BEGIN
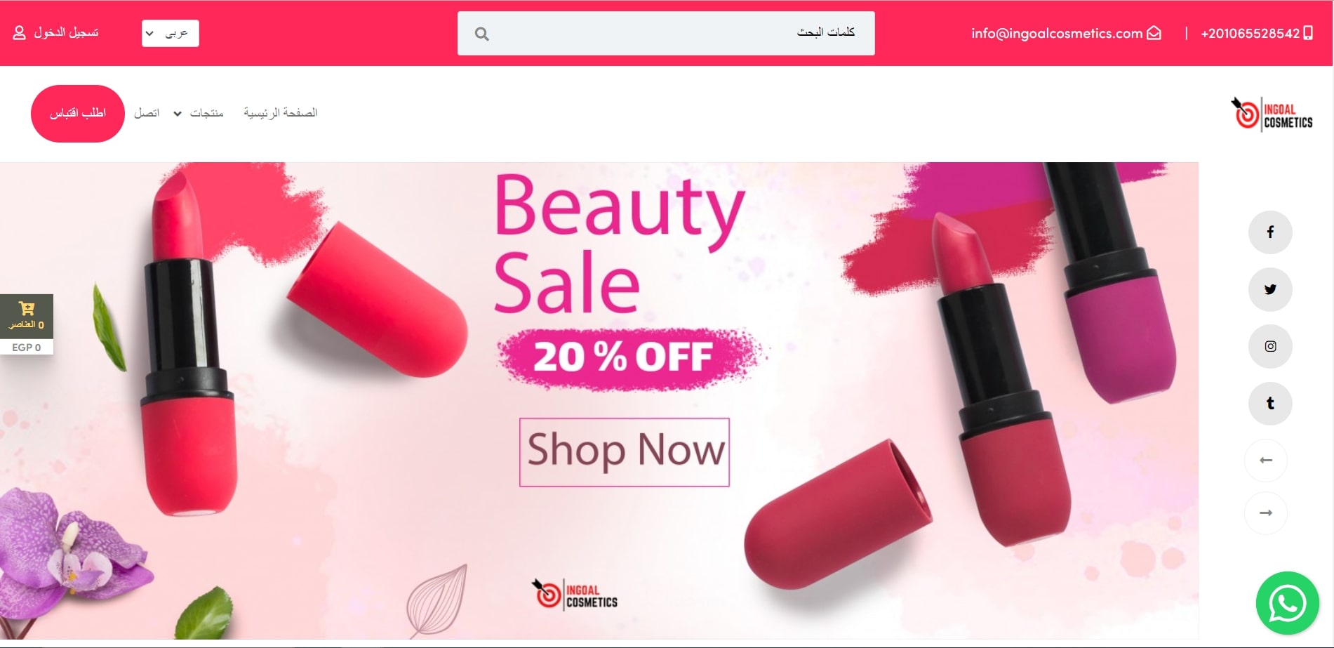 موقع إن جول كوزمتكس هو موقع مخصص لبيع منتجات العناية بالبشرة تم تصميمه لكي يعرض المنتجات الخاصة بالشركة بشكل احترافي و جيد و تم تصميم صفحة تواصل من أجل وصول افضل بين العملاء و الشركة كما تم تصميم صفحة معلومات تعرض تفاصيل الشركة مثل موقعها على أرض الواقع و الأرقام الخاصة بها و غيرها من المعلومات
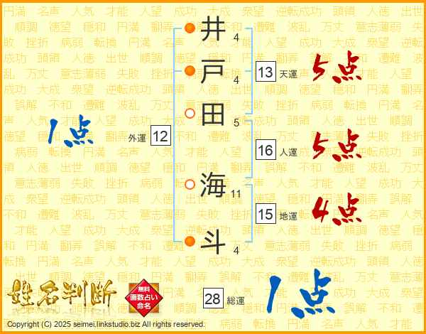井(4画)戸(4画)田(5画) 海(11画)斗(4画)
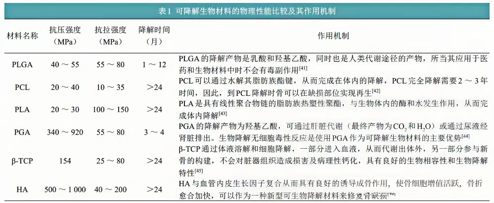可降解材料虽然具有诸多优势,但也存在很多缺陷,如PLGA的骨传导性和疏水性较差,在骨修复的应用中存在限制、PCL的降解速度较慢、PLA的力学性能较差、β-TCP的机械强度略低、HA的生物降解速率相对较慢等,这些问题可能对感染性骨缺损修复产生负面影响。如何优化上述可生物降解材料的缺点,使其更好地释放抗生素、促进成骨细胞的生成,是目前骨组织工程学需要解决的问题。对于可降解生物材料的使用,除了需要长期严格的实验来验证其安全性外,还需要精确控制降解速率,使其与骨组织再生速率相匹配。
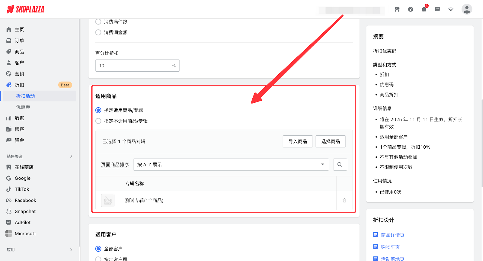 2. 进入活动设置详情页面,下滑找到适用商品模块,确认商品是否在活动范围内。(其他活动的商品范围排查等同此方式)
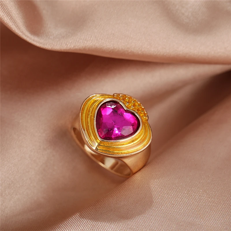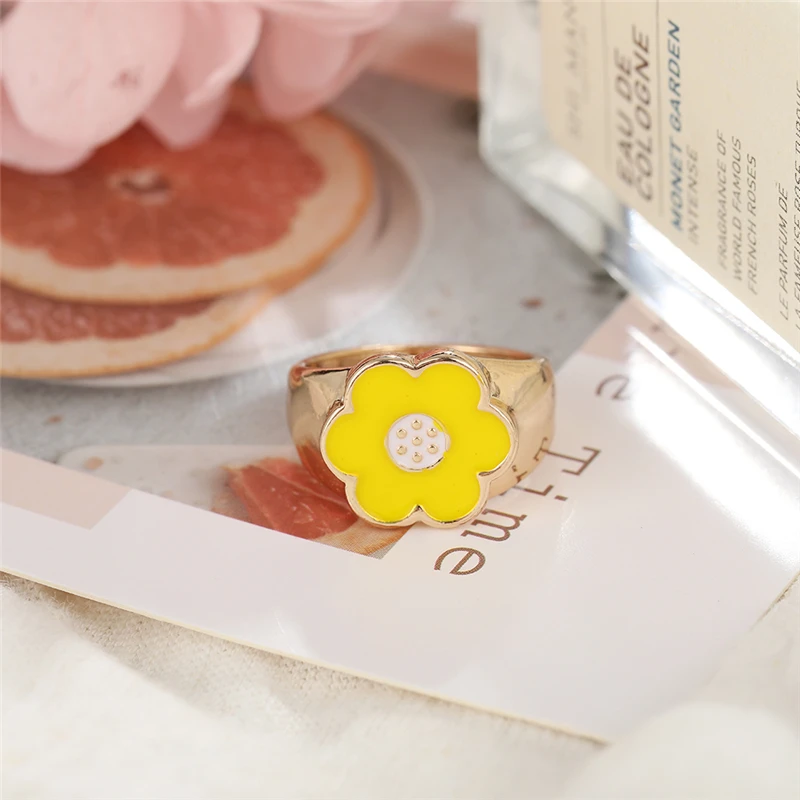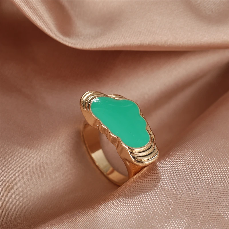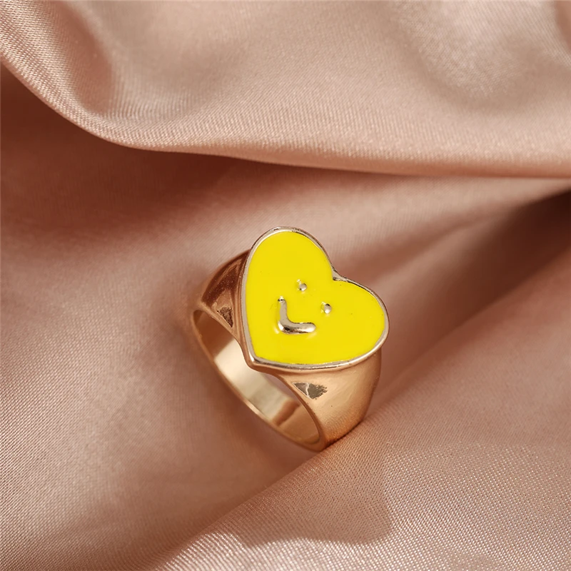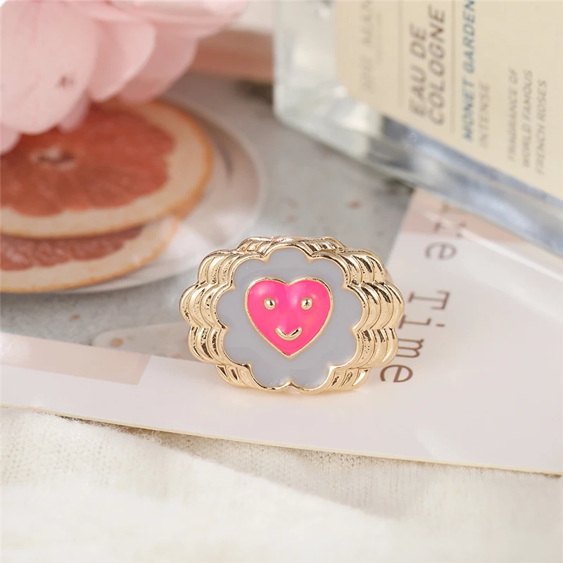 17 км в винтажном стиле с геометрическим принтом цветных улыбок колец в форме сердца из эмалевых кольцо для женщин модные Облака цветок Серебряная цепочка кольца, подарок, ювелирное изделие
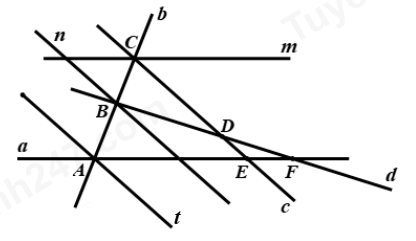 a) Có bao nhiêu đường thẳng trên hình vẽ? Liệt kê các góc tạo bởi đường thẳng \(a\) và đường thẳng \(c\).
END
◆ **WORK INSTRUCTION**: If a picture falls within the span, leave it out, and reproduce exactly the lines from the one containing "井(4画)戸(4画)田(5画) 海(11画)斗(4画)" through the end of the material, and no others.

◆ **EXERCISE OUTPUT**:
井(4画)戸(4画)田(5画) 海(11画)斗(4画)
可降解材料虽然具有诸多优势,但也存在很多缺陷,如PLGA的骨传导性和疏水性较差,在骨修复的应用中存在限制、PCL的降解速度较慢、PLA的力学性能较差、β-TCP的机械强度略低、HA的生物降解速率相对较慢等,这些问题可能对感染性骨缺损修复产生负面影响。如何优化上述可生物降解材料的缺点,使其更好地释放抗生素、促进成骨细胞的生成,是目前骨组织工程学需要解决的问题。对于可降解生物材料的使用,除了需要长期严格的实验来验证其安全性外,还需要精确控制降解速率,使其与骨组织再生速率相匹配。
 2. 进入活动设置详情页面,下滑找到适用商品模块,确认商品是否在活动范围内。(其他活动的商品范围排查等同此方式)
 17 км в винтажном стиле с геометрическим принтом цветных улыбок колец в форме сердца из эмалевых кольцо для женщин модные Облака цветок Серебряная цепочка кольца, подарок, ювелирное изделие
 a) Có bao nhiêu đường thẳng trên hình vẽ? Liệt kê các góc tạo bởi đường thẳng \(a\) và đường thẳng \(c\).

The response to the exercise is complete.